Operations

Disaster Recovery Planning: Preparing for the Worst in Your Infrastructure

March 31, 2025 · 19 min read

Disaster recovery is not about preventing disasters -- that is what redundancy, monitoring, and good practices are for. Disaster recovery is about what happens after things go wrong despite your best efforts. The server room floods. Ransomware encrypts your drives. A botched migration drops the wrong database. An upstream provider goes bankrupt overnight.

The difference between an inconvenient afternoon and a catastrophic, unrecoverable data loss is whether you planned for these scenarios before they happened. This guide walks you through building a disaster recovery plan that actually works when you need it.

RTO and RPO: Defining Your Requirements

Every DR plan starts with two numbers:

RTO (Recovery Time Objective): How long can your services be down before the impact becomes unacceptable? This determines how fast you need to recover.
RPO (Recovery Point Objective): How much data can you afford to lose? If your RPO is 1 hour, your backups must run at least hourly. If your RPO is zero, you need real-time replication.

Service	RTO	RPO	Recovery Strategy
DNS / Pi-hole	15 minutes	24 hours	Spare Pi-hole on standby, config in Git
Reverse proxy	30 minutes	N/A (config in Git)	Rebuild from Compose + config
PostgreSQL database	1 hour	1 hour	Hourly dumps + streaming replication
Nextcloud	4 hours	24 hours	Daily backup + volume restore
Monitoring stack	24 hours	7 days	Rebuild from Compose, import dashboards
Media server	48 hours	N/A (re-downloadable)	Rebuild from scratch

Start with the critical path. Identify the minimum set of services that must be running for your infrastructure to be useful. For most self-hosted setups, that is DNS, reverse proxy, and the primary database.
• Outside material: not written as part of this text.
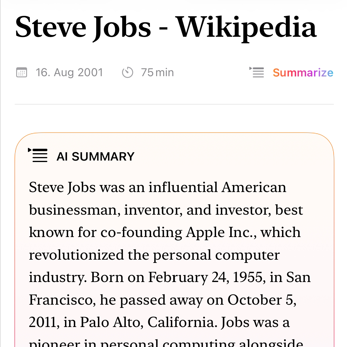 Generate concise summaries of long articles using Apple Intelligence. Summaries are created privately on your device and synced securely via iCloud.

Everything else can wait.

Disaster Scenarios

A good DR plan considers specific scenarios, not abstract risks. For each scenario, document the detection method, impact, and recovery procedure:

Scenario 1: Disk Failure

Detection: SMART alerts, I/O errors in dmesg, monitoring alerts
Impact: Total data loss on affected disk
Recovery: Replace disk, restore from latest backup, verify data integrity

Scenario 2: Ransomware / Compromise

Detection: Encrypted files, unusual processes, alerts from security scanning
Impact: All accessible data encrypted or destroyed
Recovery: Isolate affected systems, wipe and reinstall from clean media, restore from off-site immutable backups, rotate all credentials

Scenario 3: Accidental Deletion

Detection: User reports, monitoring gaps, missing containers
Impact: Loss of specific service or dataset
Recovery: Restore specific files or volumes from backup

Scenario 4: Infrastructure Provider Failure

Detection: Unreachable servers, provider status page
Impact: Complete unavailability of cloud-hosted services
Recovery: Spin up replacement infrastructure, restore from off-provider backups

Scenario 5: Physical Disaster (Fire, Flood)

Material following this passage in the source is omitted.